Standard library mapping (Kotlin / JVM → Gossamer)

Kotlin / JVM Gossamer
File(path).readText() fs::read_to_string(path)
File(path).writeText(s) fs::write(path, s)
File(path).delete() fs::remove_file(path)
File(path).mkdirs() fs::create_dir_all(path)
System.getenv("X") env::var("X")
System.exit(0) process::exit(0)
ProcessBuilder(cmd).start() process::Command::new(cmd).spawn()
println(x) println!("{x}")
System.currentTimeMillis() time::now().as_millis()
Thread.sleep(ms) time::sleep(ms)
Regex(pattern).matches(s) regex::compile(pattern)?.is_match(&s)
s.split(delim) strings::split(&s, delim)
s.trim() strings::trim(&s)
s.uppercase() strings::to_upper(&s)
s.toInt() strconv::parse_i64(&s)
n.toString() strconv::format_i64(n)
listOf(...) [...] (Vec<T>)
mutableListOf(...) let mut xs = [...]
mapOf(k to v) HashMap::from([(k, v)])
setOf(...) HashSet::from([...])
list.map { } list \|> iter::map(\|x\| …)
list.filter { } list \|> iter::filter(\|x\| …)

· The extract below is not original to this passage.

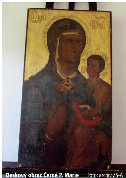
Deskový obraz Černé P. Marie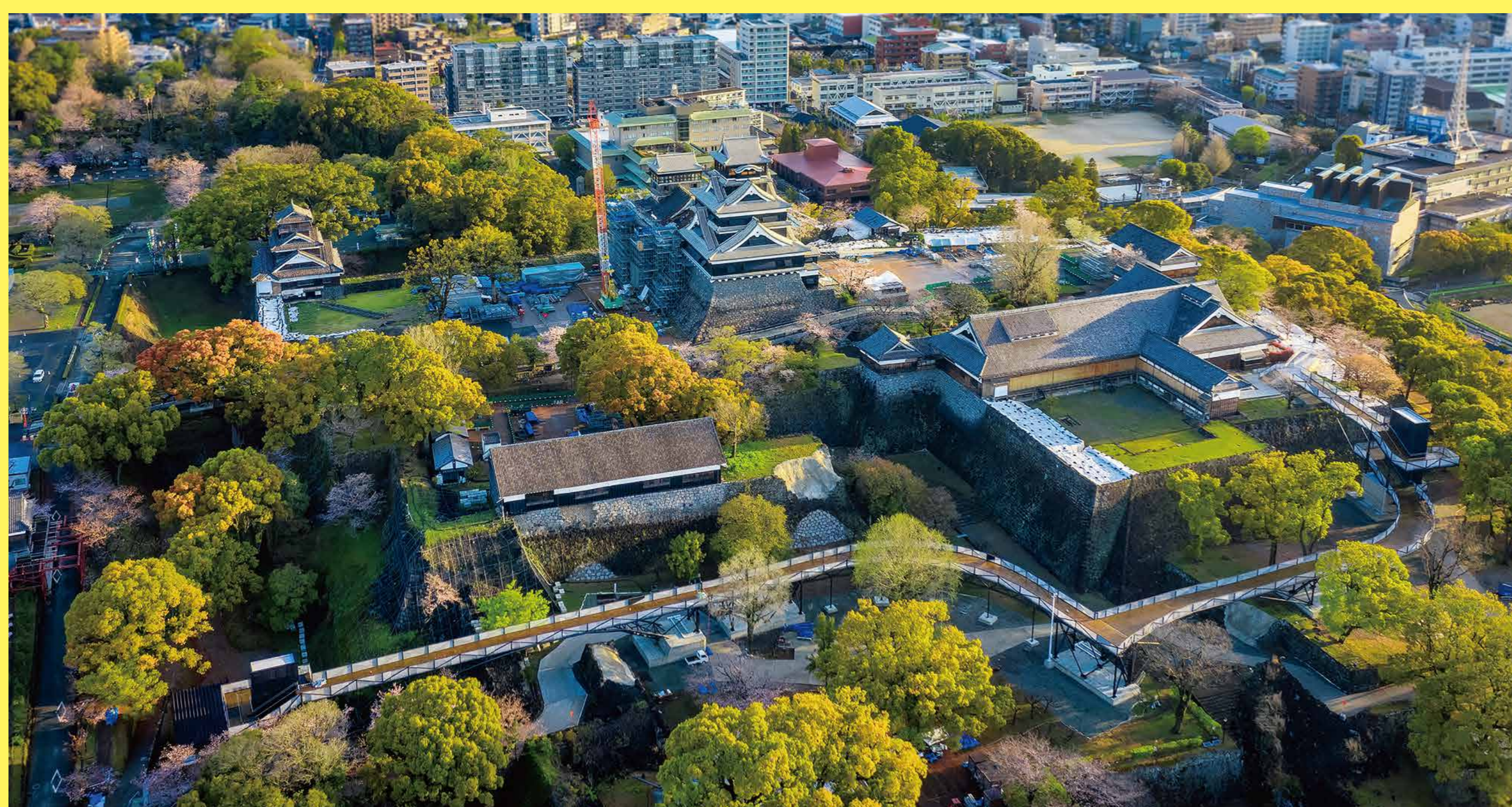
城内に設置された特別見学通路

list.fold(init) { acc, x -> } list \|> iter::fold(init, \|acc, x\| …)
list.sortedBy { } xs.sort_by(\|a, b\| …)
OkHttp / Ktor HttpClient http::Client::new()
ktor server { } http::serve(addr, handler)
kotlinx.serialization encoding::json::encode(v)
Gson / Jackson encoding::json::decode::<T>(s)
kotlinx.coroutines.launch go fn() { … }()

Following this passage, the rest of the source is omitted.